Translation of pharmaceutical products is one of the most challenging aspects of medical translation because a single mistake in dosage can lead to severe consequences. Translation of prescription drug labels and information into the native language of users is required to ensure that they fully understand the uses, interaction of the drug with other drugs and foods, and when and how the drugs should be taken. Disease names are expressed using long unique names in Japanese, while acronyms or abbreviations are used in English. Completely different names are used in Japanese even for diseases such as AIDS or SARS. This type of naming convention is also followed for pharmaceutical products. Knowledge and experience are required to translate information on the ingredients of drugs and to fill in the application forms.
For over 10 years, I have applied my background in molecular biology to focus on medical translation including academic research papers, clinical trial reports, case reports, investigator’s brochures, informed consent forms, and standard operating procedure documents. I also have many years of experience with pharmaceutical translation including interview guides, marketing materials, regulatory documents, and CMC (chemistry, manufacturing, and controls) requirements.
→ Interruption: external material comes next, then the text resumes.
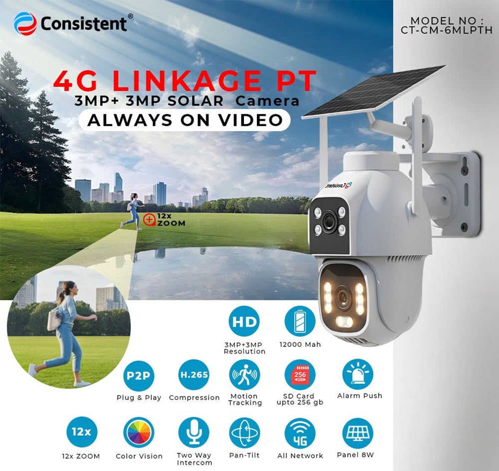 Consistent Infosystems has expanded its security product lineup with the 4G LINKAGE Pan Tilt 3MP+3MP Solar Camera, a dual-lens surveillance device. The camera features 3MP+3MP high-definition resolution with color vision and 12x zoom, providing clear visuals in both day and night conditions.

The fact that my work directly impacts the lives of patients is always at the front of my mind, and each project is approached with the careful dedication that it deserves.
The market size of the pharmaceutical industry in Japan is said to be about seven trillion yen (70 billion dollars). The market is divided into medical, general and deployment. The pharmaceutical industry has been undergoing a significant transformation in recent years. 1) Pharmaceutical companies are merging in Japan and across the globe, 2) New drugs are being launched, and 3) Participation of foreign companies in Japan is intensifying, and there is a spread of generic drugs. The pharmaceutical industry environment will continue to change in the future, with enhancements to the Medical Care System for the Elderly and amendments to the Pharmaceutical Affairs Law. Since more time is required to complete the procedures for medical devices in Japan than in other countries, devices used to provide treatment in other countries are not yet available in Japan. While the government and applicants continue to search for ways to eliminate the lag in using the devices, I look forward to supporting customers working on regulatory submissions and clinical trials required to be completed within a limited time frame with “precise, unambiguous translation that is easy for the readers to understand”.
Documentation of medical devices is increasing in translation localization, and translation processes are being actively carried out using support tools such as SDL Trados. I have translated manuals for medical devices such as artificial heart-lung machines, catheters and CT, and dictionaries of pharmaceutical and medical terms.
The contents have to be translated accurately and with high quality for the development and sales of medical devices. In Japan, translation of large volumes of documents such as reports of the safety tests conducted overseas, manuals, package inserts and application forms for manufacturing and marketing approval is required to manufacture and sell devices such as pacemakers and catheters, which have been developed and manufactured overseas. Users have to appropriately understand the purpose, operations, how to assemble and use the devices. I translate manuals of devices so that the target users can understand the contents.
Although developed nations, including Japan, are well-known for population aging, the problem is progressing rapidly even in developing nations. The aging rate for developing nations is forecast to reach 16.8% in 2060, according to a survey and estimation by the Ministry of Internal Affairs and Communications and the National Institute of Population and Social Security Research. Therefore, to extend healthy life expectancy and realize a society with well-equipped medical and welfare services that will enable the elderly to lead a healthy life is a challenge for Japan and across the globe.
With this background, the medical device industry is becoming more active around the globe. For example, English manuals of pulse oximeters and catheters imported from America are translated into Japanese. At the same time, Japanese manuals of artificial heart-lung machines exported from Japan to different countries are translated into multiple languages. The current situation is that the latest medical devices are moving across international borders as health care is a global problem and not just faced by developed nations such as Japan. This is because of more demand for medical devices with the increase in users of medical services in an aging society. For manufacturing and selling medical devices developed outside Japan, translation of large volumes of documents such as reports of the safety tests conducted overseas, manuals, package inserts and application forms submitted for manufacturing and marketing approval is required. If the application form for approval is mistranslated or difficult to understand, the reviewers will be confused and take more time to review the application. I provide “accurate and easy to read translations while maintaining consistency between documents”, contributing to the quick use of medical devices at clinical sites.